Simulated surface of a new (A) and a 30-year-old (B) denture prosthesis based on microscopic evaluation
For the relining of denture prostheses, materials based on acrylate or silicone (soft denture liner) can be used. The physical properties of relining materials seem to affect biofilm formation significantly [59, 70]: For instance, C. albicans preferentially adheres to hydrophobic rather than hydrophilic surfaces [64]. Hence, hydrophilic coatings of denture surfaces might decrease the attachment of hydrophobic fungal cells like those of C. albicans [68]. Further investigations showed that C. albicans adherence on polyamides is higher than on PMMA [71]. Materials with smooth surfaces as well as low surface free energy feature less fungal-microbial adherence than materials with rough surfaces and high surface free energy [22]. Surface properties seem to influence especially the early fungal-microbial colonization on dental materials; with maturation of the biofilms, the differences in biofilm formation between various materials gradually diminish [22].

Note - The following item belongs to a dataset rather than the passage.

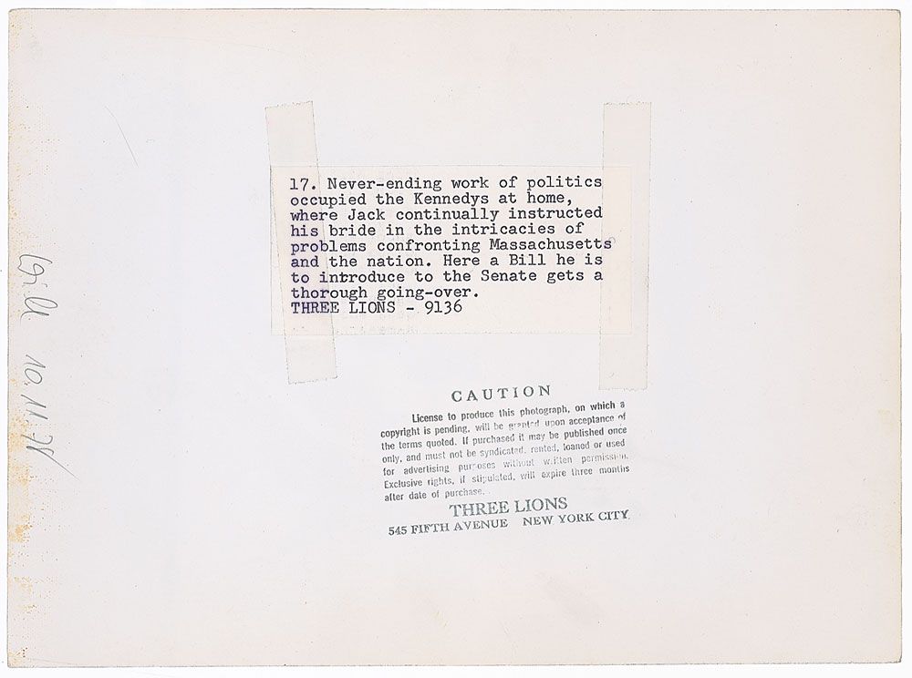 Original first generation 9.5 x 7 glossy photo of John and Jacqueline in their Georgetown home thoroughly going over a Senate bill he will introduce. Reverse of photo bears a Three Lions Inc. stamp and an affixed typed caption, which reads, in part, “Never-ending work of politics occupied the Kennedys at home…Here a Bill he is going to introduce to the Senate gets a thorough going-over.” In fine condition. Photo rights: The Lowenherz Collection of Kennedy Photographs, Friedheim Library and Archives, the Peabody Institute of The Johns Hopkins University, Orlando Suero, photographer.

Apart from biofilm-induced diseases such as denture-related stomatitis biofilms on removable denture prostheses may also have other systemic consequences. As respiratory pathogenic microorganisms have been identified in denture plaque [72, 73], denture wearing has been associated with the occurrence of pneumonias in elderly patients [74, 75]. Pneumonia is a common infection in elderly people and constitutes the most frequent cause of mortality from nosocomial infection in elderly patients with a mortality rate up to 25% [76, 77]. Aspiration of oropharyngeal bacteria into the lungs due to dysphagia and nocturnal denture wearing as well as weakened host defense mechanisms may lead to respiratory infections [78, 79]. Especially for hospitalized patients it is often difficult to maintain a sufficient oral care due to impaired cleaning abilities or limited help provided by the nursing staff (cf. Fig. 6.7) [74]. Moreover, elderly patients have difficulties in accessing professional dental care and consequently appear at the dental office when having denture problems or pain [74, 79]. Thus, regular oral care is required [72, 77, 80], which includes the mechanical removal of denture plaque. Figure 6.7 displays a removable denture prosthesis with extensive accumulation of biofilms. Several studies showed that oral hygiene may have a positive effect on morbidity and mortality from pneumonia: One of ten deaths due to pneumonia in nursing homes may be prevented by improving oral hygiene [77]. Another approach would be the development of materials which feature as little bioadhesion as possible. However, with regard to respiratory microorganisms no scientific data are currently available regarding an impact of the substratum material.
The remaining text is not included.